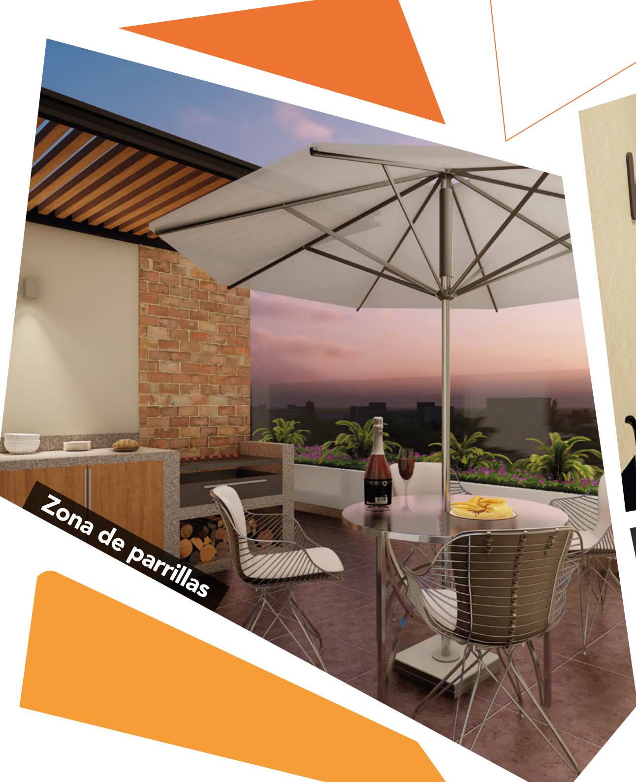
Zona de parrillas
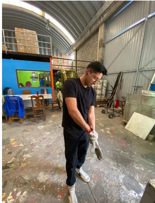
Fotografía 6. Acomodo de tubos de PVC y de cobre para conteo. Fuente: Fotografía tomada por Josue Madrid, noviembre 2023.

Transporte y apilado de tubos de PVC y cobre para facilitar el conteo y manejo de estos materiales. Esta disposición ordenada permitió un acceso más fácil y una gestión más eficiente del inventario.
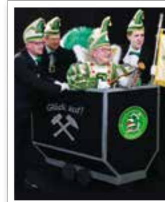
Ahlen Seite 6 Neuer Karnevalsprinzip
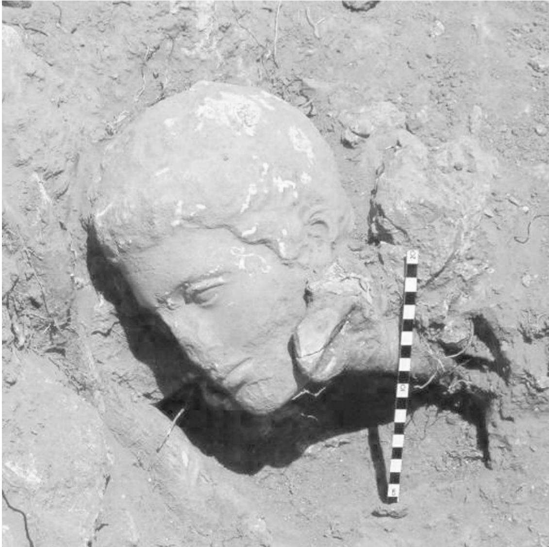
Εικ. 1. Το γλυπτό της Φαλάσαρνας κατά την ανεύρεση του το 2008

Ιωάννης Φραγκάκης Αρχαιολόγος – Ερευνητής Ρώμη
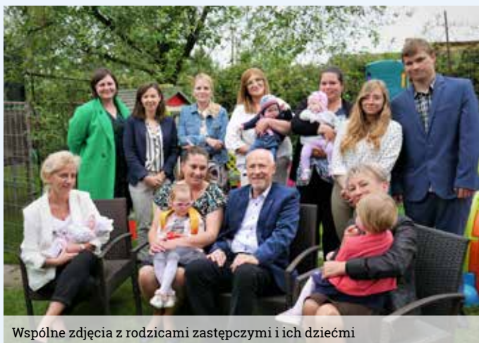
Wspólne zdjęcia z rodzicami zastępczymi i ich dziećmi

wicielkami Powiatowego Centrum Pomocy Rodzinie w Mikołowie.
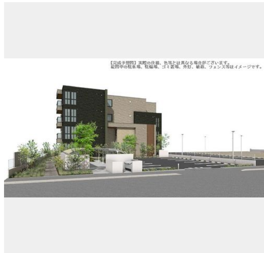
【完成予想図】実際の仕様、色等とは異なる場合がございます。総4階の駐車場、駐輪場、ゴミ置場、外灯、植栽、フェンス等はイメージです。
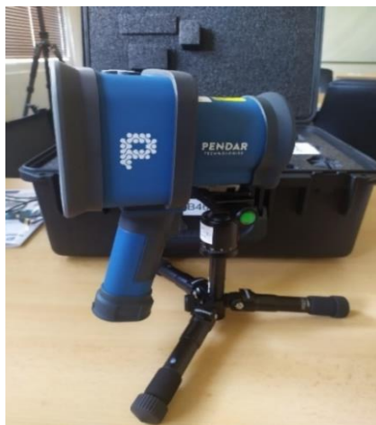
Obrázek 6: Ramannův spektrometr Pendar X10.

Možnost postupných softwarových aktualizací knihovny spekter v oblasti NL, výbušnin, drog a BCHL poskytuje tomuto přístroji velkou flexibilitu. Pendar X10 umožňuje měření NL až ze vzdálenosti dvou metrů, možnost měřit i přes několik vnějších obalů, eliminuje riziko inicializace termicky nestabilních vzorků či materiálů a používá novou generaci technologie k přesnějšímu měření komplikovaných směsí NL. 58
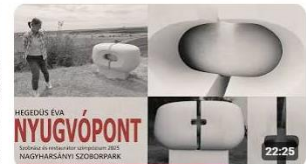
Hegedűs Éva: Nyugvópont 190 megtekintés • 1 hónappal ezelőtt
──────────
▸ **Task description**
Return every entry above word for word, and include no images.

▸ **Response box**
Zona de parrillas
Fotografía 6. Acomodo de tubos de PVC y de cobre para conteo. Fuente: Fotografía tomada por Josue Madrid, noviembre 2023.

Transporte y apilado de tubos de PVC y cobre para facilitar el conteo y manejo de estos materiales. Esta disposición ordenada permitió un acceso más fácil y una gestión más eficiente del inventario.
Ahlen Seite 6 Neuer Karnevalsprinzip
Εικ. 1. Το γλυπτό της Φαλάσαρνας κατά την ανεύρεση του το 2008

Ιωάννης Φραγκάκης Αρχαιολόγος – Ερευνητής Ρώμη
Wspólne zdjęcia z rodzicami zastępczymi i ich dziećmi

wicielkami Powiatowego Centrum Pomocy Rodzinie w Mikołowie.
【完成予想図】実際の仕様、色等とは異なる場合がございます。総4階の駐車場、駐輪場、ゴミ置場、外灯、植栽、フェンス等はイメージです。
Obrázek 6: Ramannův spektrometr Pendar X10.

Možnost postupných softwarových aktualizací knihovny spekter v oblasti NL, výbušnin, drog a BCHL poskytuje tomuto přístroji velkou flexibilitu. Pendar X10 umožňuje měření NL až ze vzdálenosti dvou metrů, možnost měřit i přes několik vnějších obalů, eliminuje riziko inicializace termicky nestabilních vzorků či materiálů a používá novou generaci technologie k přesnějšímu měření komplikovaných směsí NL. 58
Hegedűs Éva: Nyugvópont 190 megtekintés • 1 hónappal ezelőtt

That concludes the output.